Cool story! Much of my synth background comes from having grown up around music tech in Nashville. That's actually a hotbed of prototype development, because Nashville's studios are sufficiently laid-back that engineers and producers love to screw around with these things. So I got to see and/or use some crazy things, such as...
An ARP-badged Chroma (only 50 of those came out prior to the CBS buyout)
A DX-1
Peabody College's big Moog system (the one Gil Trythall used)
A McLeyvier (no shit! Valley People were a dealer for those!)
A 360 Systems synth that was actually the rebadged Basyn Minstrel (also at Valley People)
A few Vako Orchestrons (mainly because Vako was in Nashville...explaining Kraftwerk's own Music City connection!)
An Alpha Syntauri (I implemented that thing when it was in MTSU's electronic studio, added a Soundchaser later)
Woodland's prototype Jeep Harned pre-MCI archtop fader desk (it was at a different studio by then)

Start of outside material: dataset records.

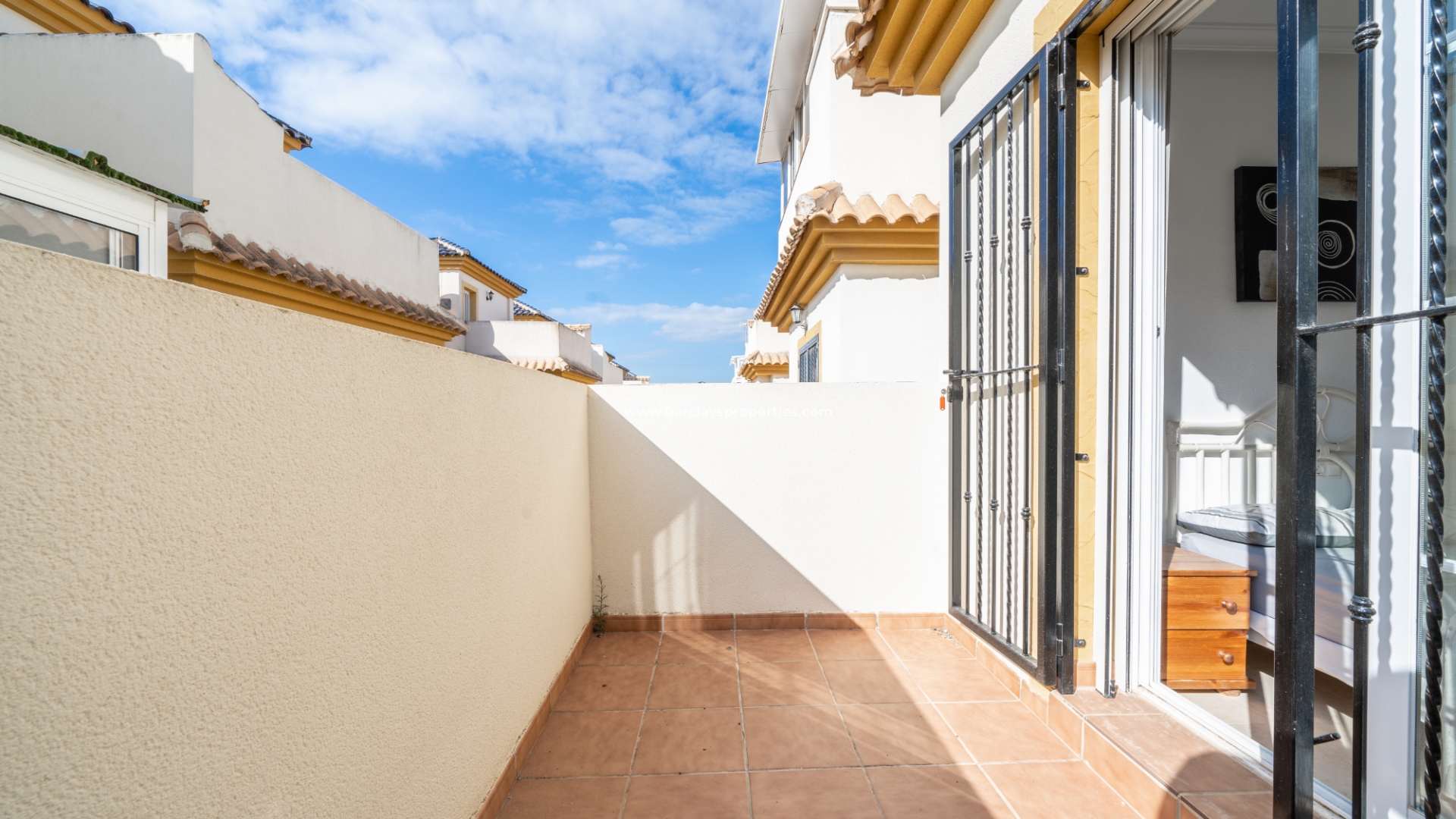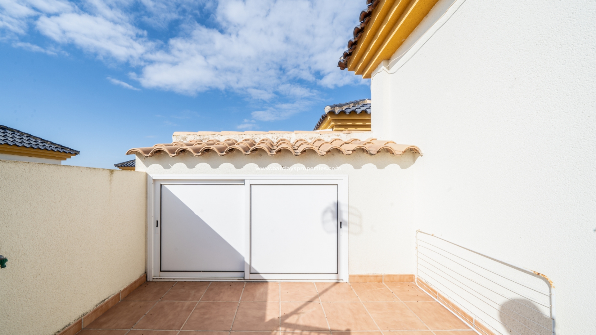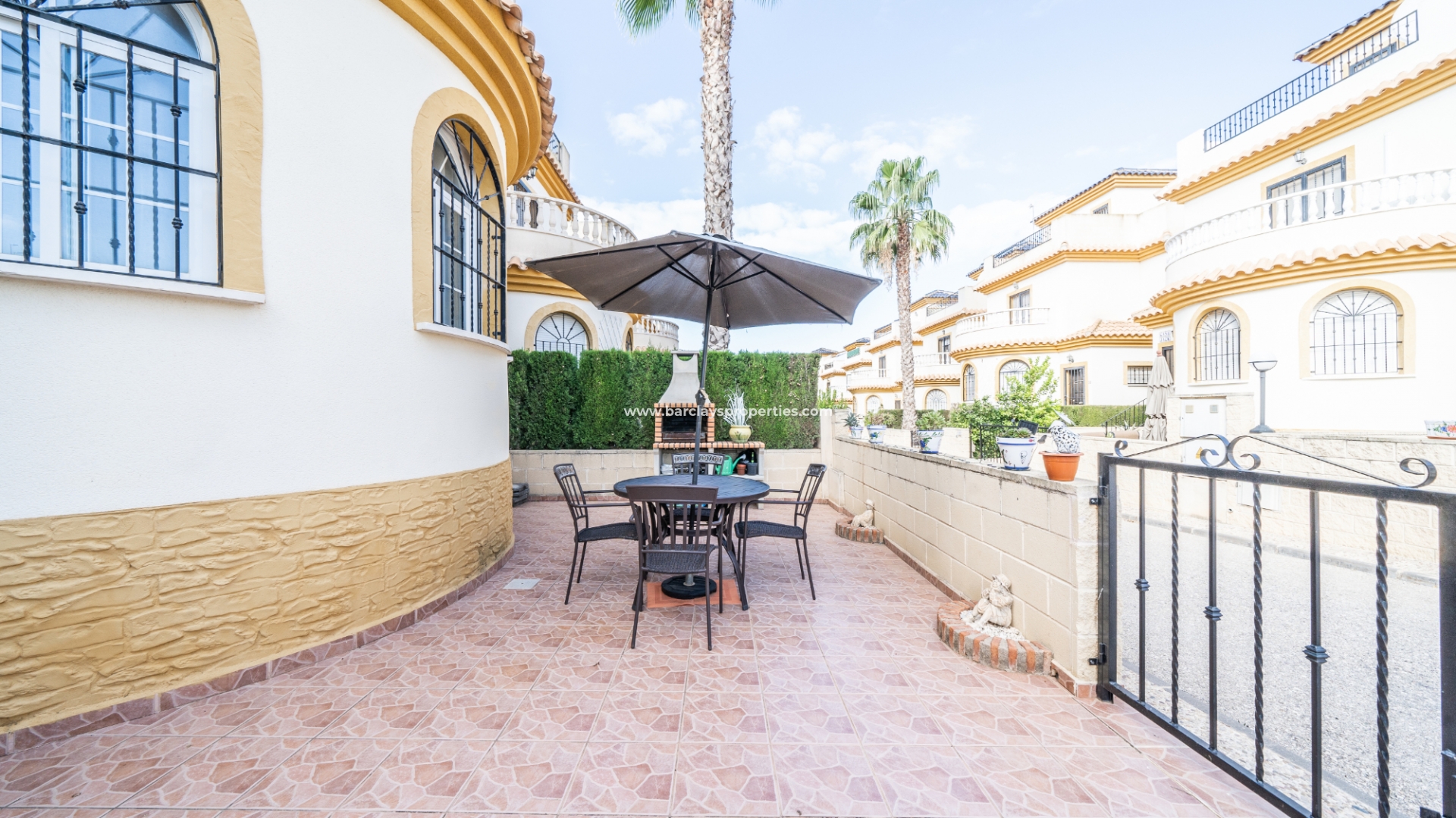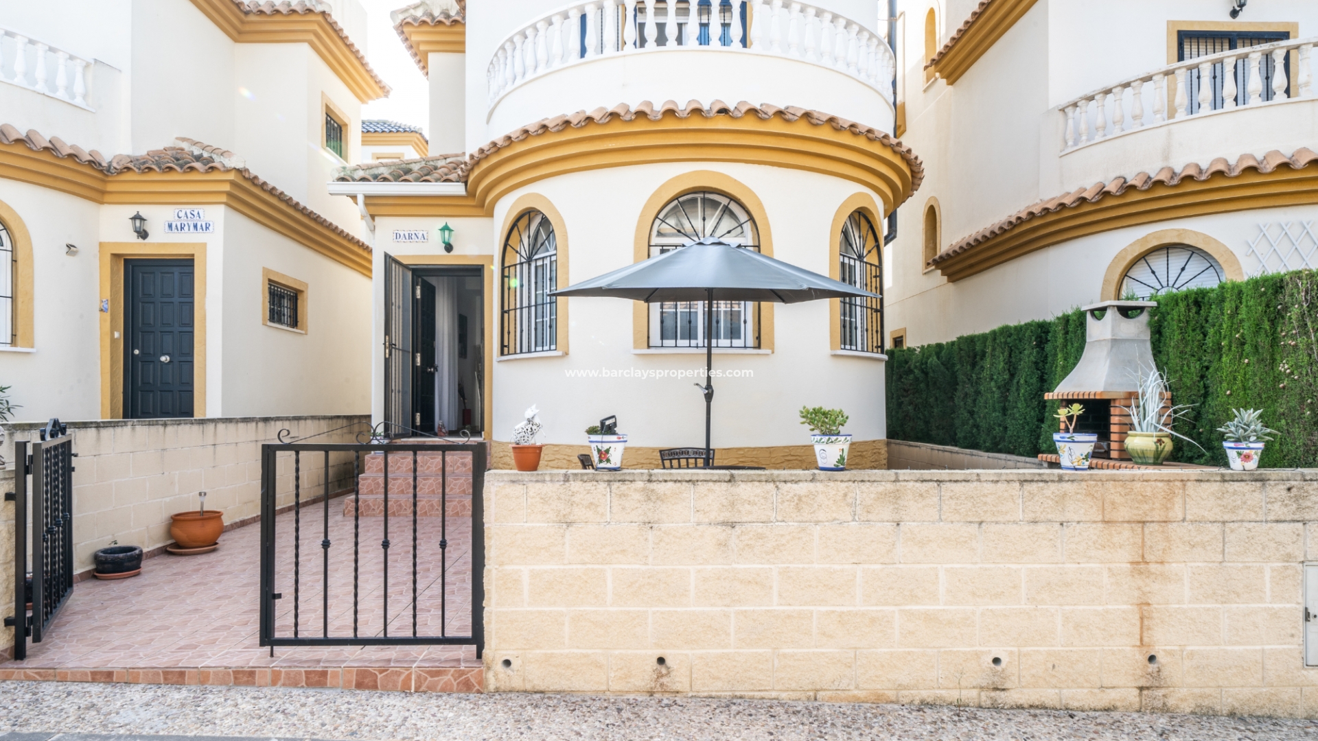 We betreden de volledig betegelde tuin om off-road parkeren, een buitenzitgedeelte en voor liefhebbers van buitenactiviteiten is er een ingebouwde BBQ-ruimte die ideaal is voor entertainment en om van het Spaanse klimaat te genieten. Een opslagschuur aan de achterkant van het huis biedt praktische ruimte voor gereedschap en apparatuur.
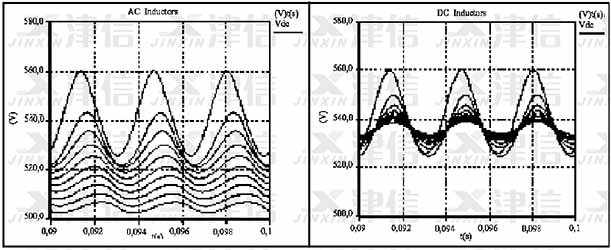 圖6中顯示的是加裝交流和直流電抗器對直流整流電壓的影響。從測量結(jié)果可以清晰看出加裝交流電抗器雖然對直流電壓上的高次諧波(520VDC以上)有明顯的抑制作用,但同時會造成直流側(cè)電壓的明顯損失。而直流電抗器在濾除高次諧波的同時對于直流電壓不會造成任何電壓損失
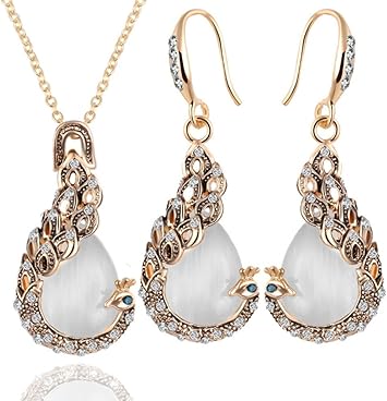 Freessom Parure Bijoux Femme Boucle D Oreille Collier Diamant Paon Mariee Cristal Pierre Naturelle Blanc Pendante Bijoux Original Cadeau Robe Anniversaire Amazon Fr Jeux Et Jouets
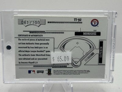 Ivan Rodriguez Dual Patch 061/100 2005 Playoff Absolute Tools of The Trade #92 Texas Rangers
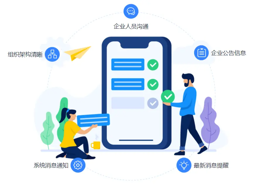 IM应用可随时随地利用碎片化时间、消息及时送达,让部门之间无区域限制的沟通协作
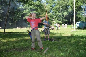 Díky podpoře města Kladna a možnostem našichvedoucí jsme rozšířili naše střelecké vybavení a počet lukostřeleckých disciplín. I letos mohl mít každý táborník vlastní luk, toulec a šípy. Celkem se střílelo 15 disciplín statických, pohyblivých i akčních. Nechyběla hromadná oblouková střelba ani noční střelby, kde jsme svítící tyčinky pro letošek vyměnili za hořící louče.
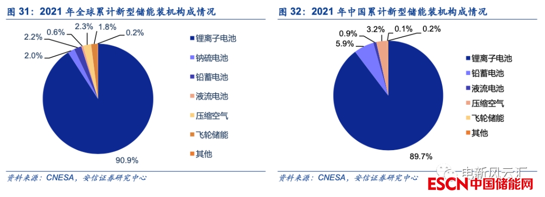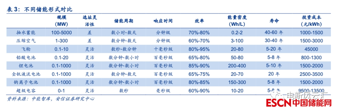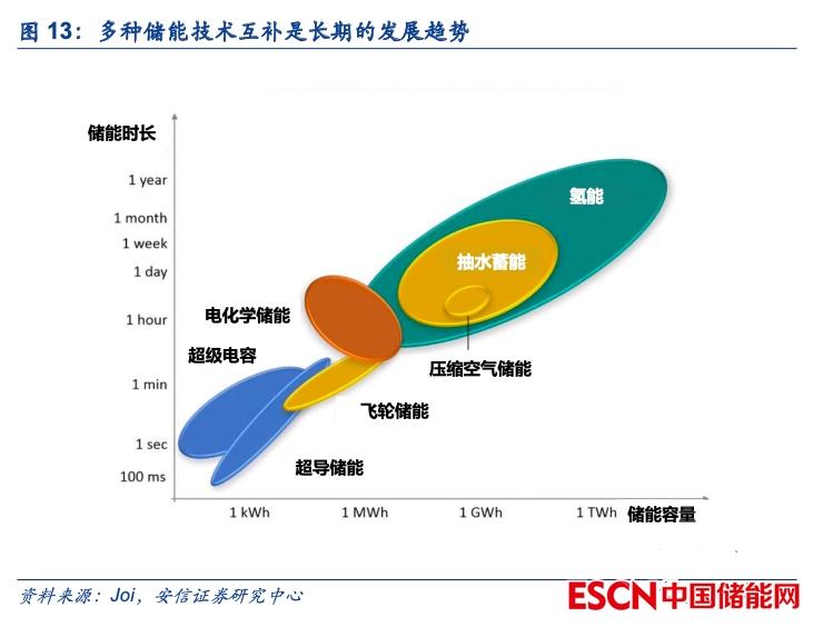 隨著儲能場景日漸多元化,多種儲能技術(shù)并存將成為長期發(fā)展趨勢。目前全球范圍內(nèi)傳統(tǒng)火電裝機仍占據(jù)主體地位,風(fēng)電、光伏的發(fā)電占比僅為10%左右,因此儲能在電力系統(tǒng)中主要起到輔助的作用,用于解決短時間、小范圍的供需不平衡。但長期來看,隨著新能源逐步成為電力系統(tǒng)的主體,儲能的應(yīng)用場景也將持續(xù)拓寬,功率范圍將涵蓋kW級的用戶側(cè)場景到GW級的發(fā)電側(cè)、電網(wǎng)側(cè)場景,儲能時長則從秒級、分鐘級、小時級到跨日、跨季不等??紤]到不同場景的儲能需求存在較大差異,我們認(rèn)為未來不太可能出現(xiàn)一種儲能技術(shù)“一統(tǒng)天下”的局面,而是多種儲能技術(shù)并存,共同支撐電力系統(tǒng)的安全與穩(wěn)定。

Monument's bespoke Flickinger desk
The prototype 1U version of the Quantech Room Simulator
And several devices that had been cooked up by engineers there. One that I learned much from was Jim Gilmore, who actually built his own desk from scratch in the early 1980s because he couldn't get a desk that would fit his workflow (advertising and voiceover work). Lots of gear was also modified, with Scully decks being prime devices for that. Definitely a very strange environment for a young musician to grow up in!